La Policía investiga una agresión sexual en sanfermines: en un piso en Pamplona
La Policía Municipal de Pamplona investiga una agresión sexual denunciada este viernes por la noche, en el quinto día de los Sanfermines. Según han confirmado las autoridades, los hechos ocurrieron en un domicilio particular de la ciudad y, por el momento, no hay detenidos. Se trata de la primera agresión considerada de alta intensidad —según el protocolo establecido por el Ayuntamiento— desde que comenzaron las fiestas, el pasado 6 de julio.
Este caso se suma a otras siete agresiones sexuales de baja intensidad, en su mayoría tocamientos, registradas hasta este sábado. Por estas últimas, ocho personas han sido detenidas desde el inicio de las celebraciones.
En respuesta a este nuevo caso, la Junta de Portavoces del Ayuntamiento de Pamplona ha emitido este domingo una declaración institucional en la que expresa su “total rechazo y condena” a la agresión. Además, ha mostrado su “apoyo y solidaridad con la víctima y su entorno”, subrayando el máximo respeto a su intimidad y derechos.

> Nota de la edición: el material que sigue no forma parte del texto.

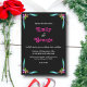 Diese elegante blumengeschmückte Einladung eignet sich perfekt für eine moderne Blumenhochzeit. Das romantische Design besticht durch farbenfrohe und glänzende Rose aus Imitaten mit eleganter weißer Typografie auf fett schwarzem Hintergrund.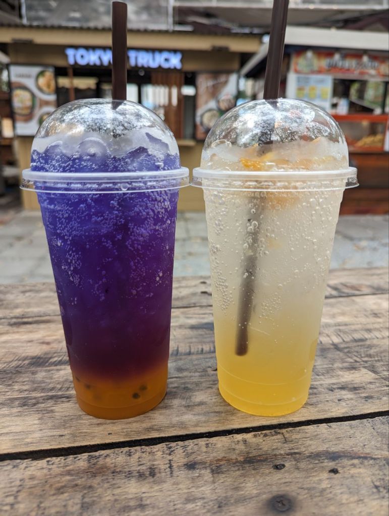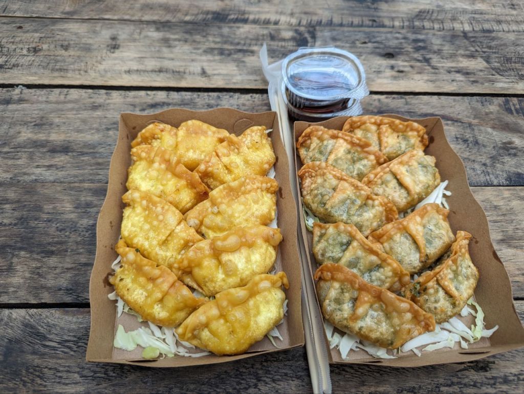Da wir Hunger haben, gibt’s Spinat/ Käse und sweet corn Gyozas mit Pommes. Dazu fancy Sodas.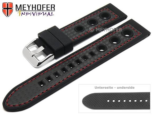 Watch strap "Tulsa" 24mm black silicone carbon optics racing look red stitching by MEYHOFER (width of buckle 22 mm)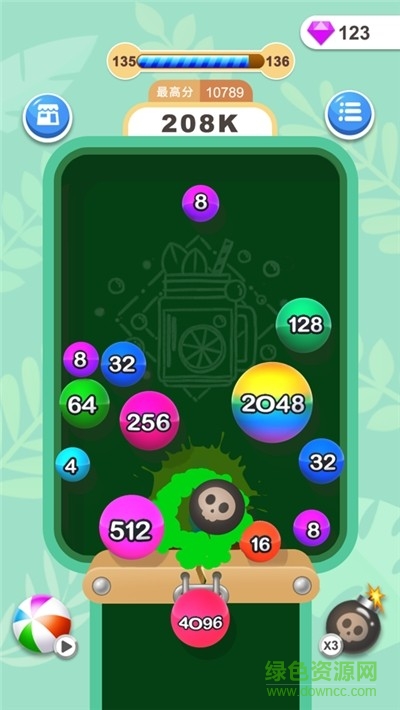 1.游戏采用创新的球球消除机制,玩家需要通过精准的滑动操作将相同数字的球球合并,每次成功合成都能获得相应积分奖励;

Desde el consistorio se recuerda que este tipo de agresiones se encuadran en el segundo nivel del protocolo de respuesta institucional, que distingue tres categorías según la gravedad del acto. En el caso de agresiones sexuales con o sin penetración —como la ahora investigada—, es el movimiento feminista quien lidera la respuesta ciudadana, organizando actos públicos de denuncia. Para este caso, la concentración de repulsa ha sido convocada este domingo a las 21:00 horas en la Plaza del Castillo.
En la declaración, el Ayuntamiento también hace un llamamiento a la ciudadanía para romper con el modelo cultural que protege al agresor y culpa a la víctima, y pide a los hombres un compromiso activo para erradicar las violencias machistas y avanzar hacia una igualdad real. La concejala de Igualdad, Zaloa Basabe, ya explicó el pasado 10 de julio que la política municipal pasa por informar siempre de las agresiones, sea cual sea su gravedad, en un esfuerzo por visibilizar y combatir todas las formas de violencia sexual.
Pamplona mantiene desde 2017 este protocolo, impulsado tras la violación grupal de ‘La Manada’, que supuso un antes y un después en el abordaje institucional de estas situaciones durante los Sanfermines.